Rasmussen's Encephalitis

Rasmussen's Encephalitis, also Chronic Focal Encephalitis (CFE), is a rare, progressive neurological disorder, characterized by frequent and severe seizures, loss of motor skills and speech, hemiparesis (paralysis on one side of the body), encephalitis (inflammation of the brain), dementia, and mental deterioration.
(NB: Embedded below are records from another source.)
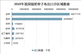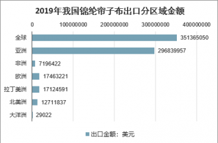 我國錦綸簾子布出口以亞洲周邊市場為主,2019年出口至亞洲市場的產品總量為8.21萬噸,總金額為2.97億美元,區域出口均價為3615.60美元/噸;歐洲地區是我國錦綸簾子布第二大出口區域,年度出口總量為4170.73噸,總金額為1746.32萬美元,區域出口均價為4187.09美元/噸;拉丁美洲地區是我國錦綸簾子布第三大出口區域,年度出口總量為3357.15噸,總金額為1712.46萬美元,區域出口均價為5100.93美元/噸。
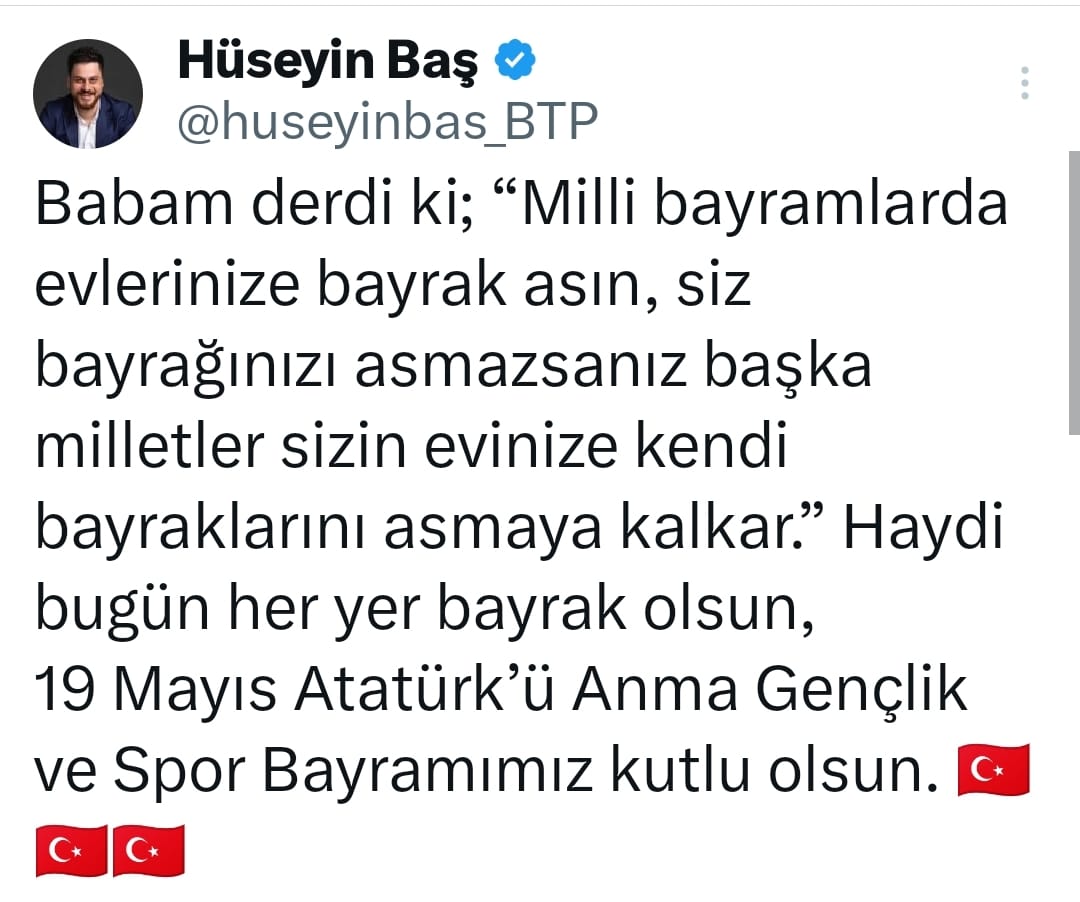 BTP Genel Başkanı Hüseyin Baş twitter hesabından yaptığı paylaşımda da 19 Mayıs’ı kutladı.
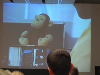Die Spule erzeugt ein Magnetfeld, die die Scheibe, auf die der Affe sitzt, zum Schweben bringt ...
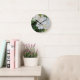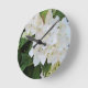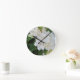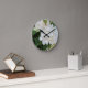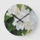 A beautiful white hydrangea accents the center of this clock. Crisp green foliage accents it.
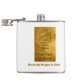 The flask itself is fine. It’s a cheap flask, obviously bought in bulk, however am prepared to overlook that. Given that it is a personalized item, I would have liked to have seen gift boxing instead of the generic packaging. Terrible printing, and/or quality. It’s a cheap, tacky vinyl. It is not cut straight and is also applied in a way that it is overhanging the bottom, causing the glue to catch on items and it will eventually roll and tear, damaging the wrap.
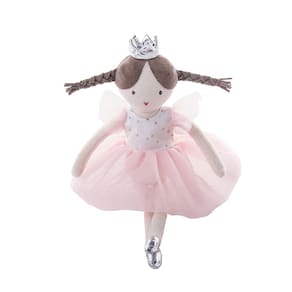 Material: pelúcia Tamanho: 34 cm Charming Ballerina Design — apresenta uma linda bailarina em estilo cartoon com tranças, uma coroa prateada e um vestido de tule rosa macio, exalando elegância e capricho. Textura macia e recheada — Feita de tecido de pelúcia premium e preenchida com algodão macio para uma sensação suave e aconchegante, ideal para brincadeiras ou decoração infantil. Perfeita para acentos de quarto — esta boneca tem 34 cm de altura, o que a torna uma adição atraente às prateleiras do berçário, camas ou acessórios decorativos para quartos de meninas. Detalhes elegantes por toda parte — Os sapatos de balé prateados e a blusa com estampa de estrelas adicionam toques refinados, realçando o charme e o apelo da boneca de conto de fadas. Design seguro e leve — cuidadosamente costurado e fabricado com materiais não tóxicos e que não agridem a pele para garantir o uso seguro e duradouro para bebês e crianças.

The disorder, which affects a single cerebral hemisphere, generally occurs in children under the age of 10.

What causes RE?
Nobody knows for sure.  The pathology (indicators in the brain matter that is removed during a hemispherectomy or biopsy), when positive for RE, indicates there are antibodies in the blood similar to ones our immune systems develop in response to a virus or a cold.  Research has discovered, however, that the antibodies that are possibly responsible for RE attack a type of glial cell found in the brain.  This would indicate an autoimmune disease, such as Multiple Sclerosis – similar to an allergy, but the immune system is attacking a natural part of the body instead of an allergen.  From medical experience, these types of antibodies are different from the type that indicate RE in a pathology report.  So at this time, the cause of RE is undetermined and we have few clues to help find a way to discover it.  What does seem certain, though, is that the “blood-brain barrier” must be breached/broken some way for the antibodies to be able to attack the brain glial cells.  This can happen through a knock on the head or even through a seizure that occurs for an entirely different reason (a spiking fever, for instance).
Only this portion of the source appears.